I drove a few miles’ west out of the city, where I crossed the shrunken River Severn better known for its volatile flooding around the city’s western flanks, and navigated tiny gravelly lanes with peepholes through gates into dusty fields. The site of a musical evening in my primary school years, the village church at Tibberton should have stirred a memory, but it stood pert and proud on a slight rise and didn’t fit my hazy recollection of that long-gone summer evening.
The door was locked so I wandered the perimeter instead. The path that led into the woods was a creeping cemetery of fallen leaves. I’d seen trees on their autumnal cusp along the motorway verges, but I wasn’t prepared for the sight of these upturned clawed hands, reaching in their final moments for the water that never came. The sight jarred and I did a quick calculation, disorientated for a moment. It was far too early for autumn. All was parched, stifling, terrifying in its aridity.

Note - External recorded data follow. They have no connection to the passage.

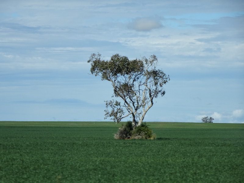 I have tried to post photos of the terrain between each of the rivers. These are not of great quality as they were taken from a fast moving car, on most occasions. The terrain changed constantly but the view was always to the far, far distance. The green fields are growing wheat, lucerne, mung beans, chick peas etc. They were huge and had huge rectangular, earthen, irrigation storage dams. The scale of the farms was just mind boggling, especially as the opposite side of the road was often quite arid. The grasses beside the road were shimmering and beautiful. We rarely saw sheep and cattle, for the height of the grass. Mornings saw crystal clear skies. By mid morning, puffy, pure white clouds began to chase one another across the horizon. Watching them was as fascinating as watching the ever changing view across the plains.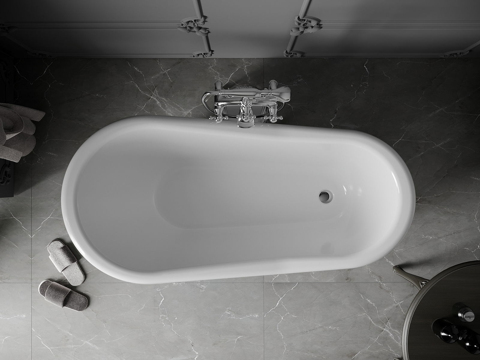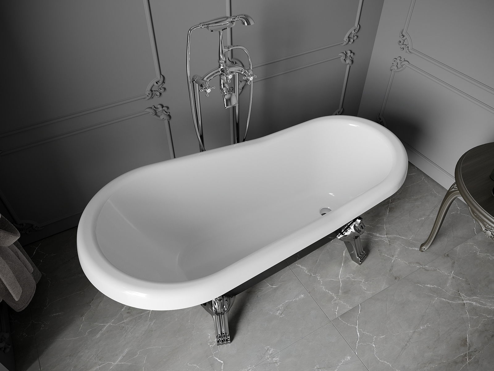 A fürdőkád állítható lábakkal van felszerelve, amelyek lehetővé teszik a kád kiegyenlítését akár egyenetlen felületen is. Gyakorlati megoldás, amely biztosítja a nagyobb stabilitást és biztonságot a használat és a telepítés megkönnyítése során.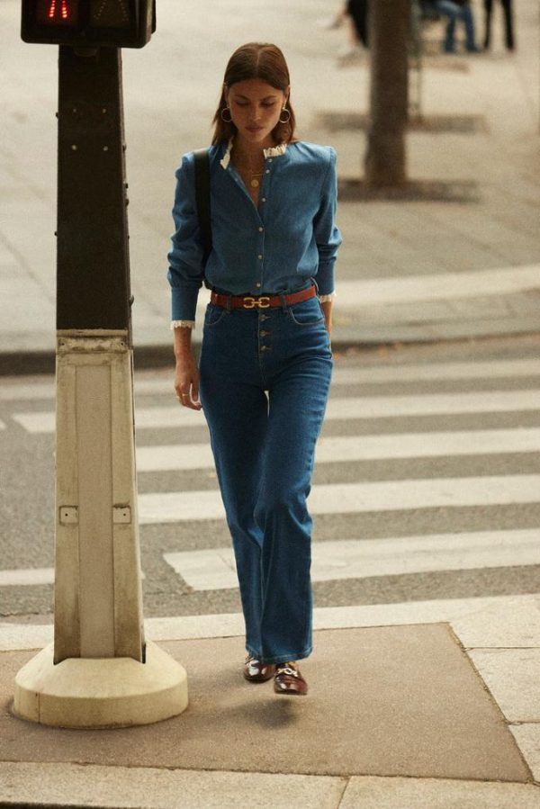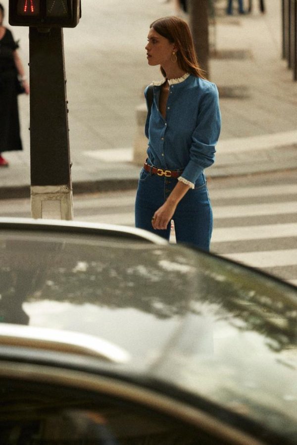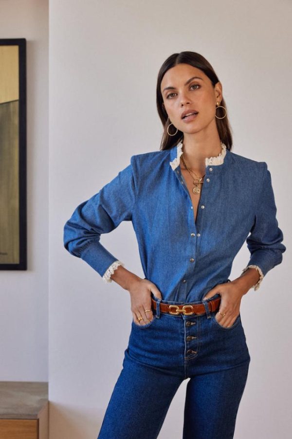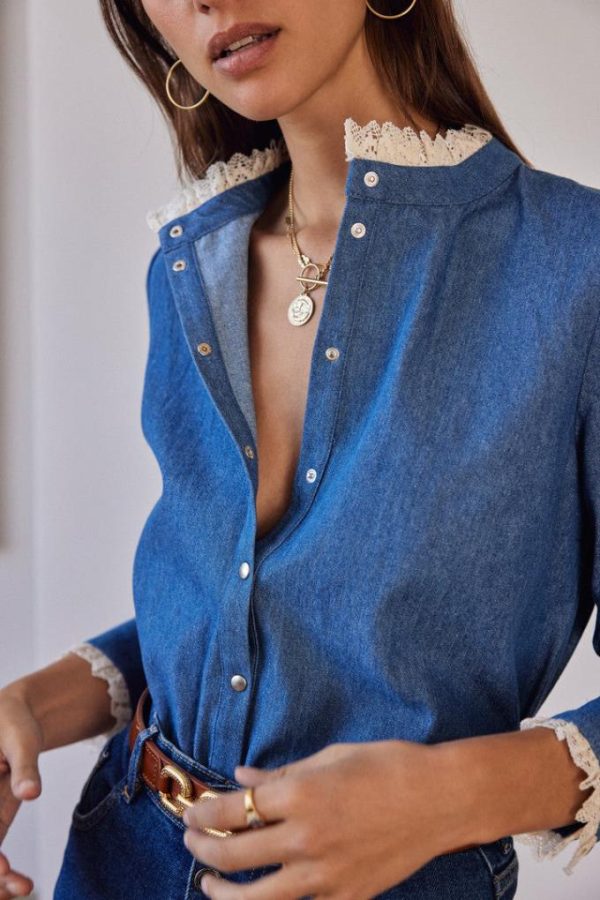 La chemise Léopoldine en jean se pare d’une ravissante dentelle blanche sur le col et les poignets ainsi que de boutons pressions argentés sur le devant. Confort et délicatesse assurés !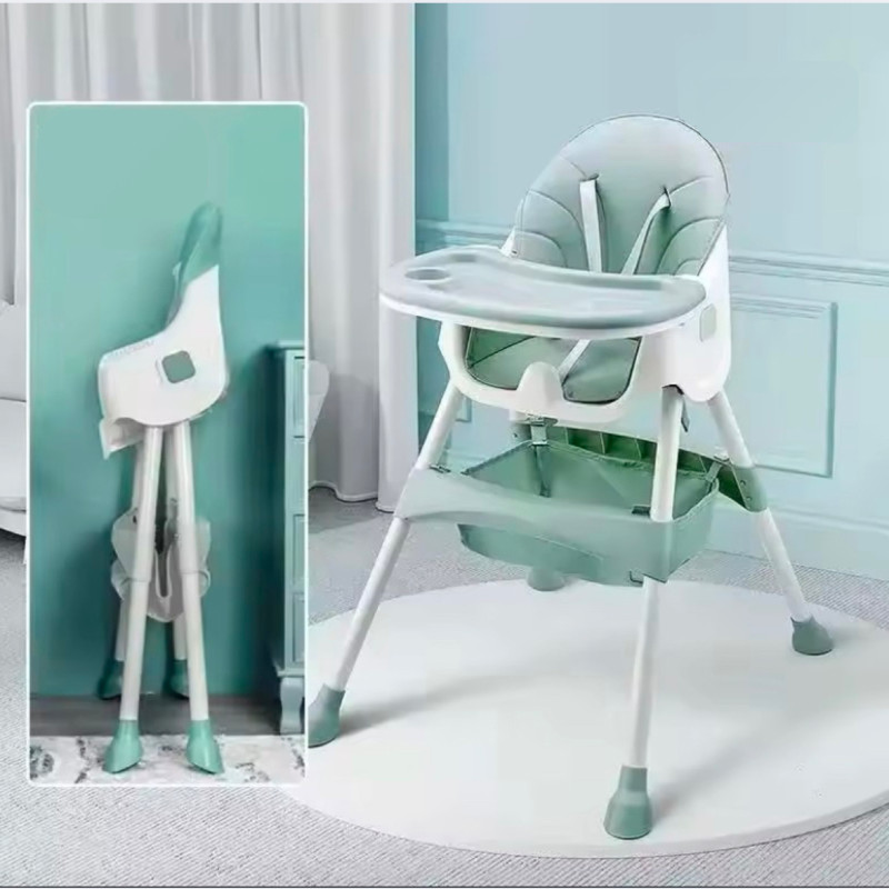 كرسي طعام للاطفال يحتوي على 3 مستويات قابل للطي مع طاولة طعام قابلة للازالة وسهلة التنظيف متعدد الاستخدامات - اخضر

When I returned home, a beautiful feature in Emergence magazine landed in my inbox. They Carry Us With Them: The Great Tree Migration by Chelsea Steinauer-Scudder and Jeremy Seifert charts the ways in which trees will adapt to climate change by migrating over time, as they have always done in the past. The process takes centuries but, little by little, through the dispersal of seeds, trees edge themselves closer to the conditions they need to survive.
The trees of Tibberton do not have the luxury of time. Trees can survive drought in the short-term by severing their upturned palms, their vital tools of sugar-making, of photosynthesis. This early autumn is a sign of intense sylvan stress: its discarded leaves are the sentinels of loss. I have always loved the cozy potential of autumn, but this year it has sounded a death-knell. My heart aches for the trees, but also for us. What parts of ourselves must we sever to withstand this climate emergency? We live abstract lives, detached from our primal contract with water, oxygen, and carbon, and so I fear our disembodiment will not help us this time.
It has rained since then, of course. Thick welts of rain have plummeted from leaden skies, buckets have overflown, and puddles have lingered for more than a few hours. Burrator reservoir is still perilously low but yesterday we listened to chutes of water tumble into the striped waters, their (for-now) resting place after days of ploughing through moorland soil. This grey still morning, the valley is pressed beneath a cool hand of mist and green returns to this place.
The land and its inhabitants have always been in flux, as mutable as the liquid on which they depend. I think how much I’ve changed since my childhood spent with my friends. If I looked closely enough, could I see how the molecules of the streets and alleyways of Gloucester have changed too? How the bricks and concrete and stone of the city centre buildings have decayed by a fraction, their surfaces depressed by microns? Change is constant: it can be slow and fractious, or cataclysmic and disorientating, but it is ever at our heels. Let us hope we can change quicker than the trees.
[1] ‘Up the line’ is a south-western term for travelling north to Bristol or the Midlands, dating back probably to the one train line that went north and on east to London. By some strange coincidence, Up the Line is a science fiction novel about time travel back into the past. It seemed apt somehow.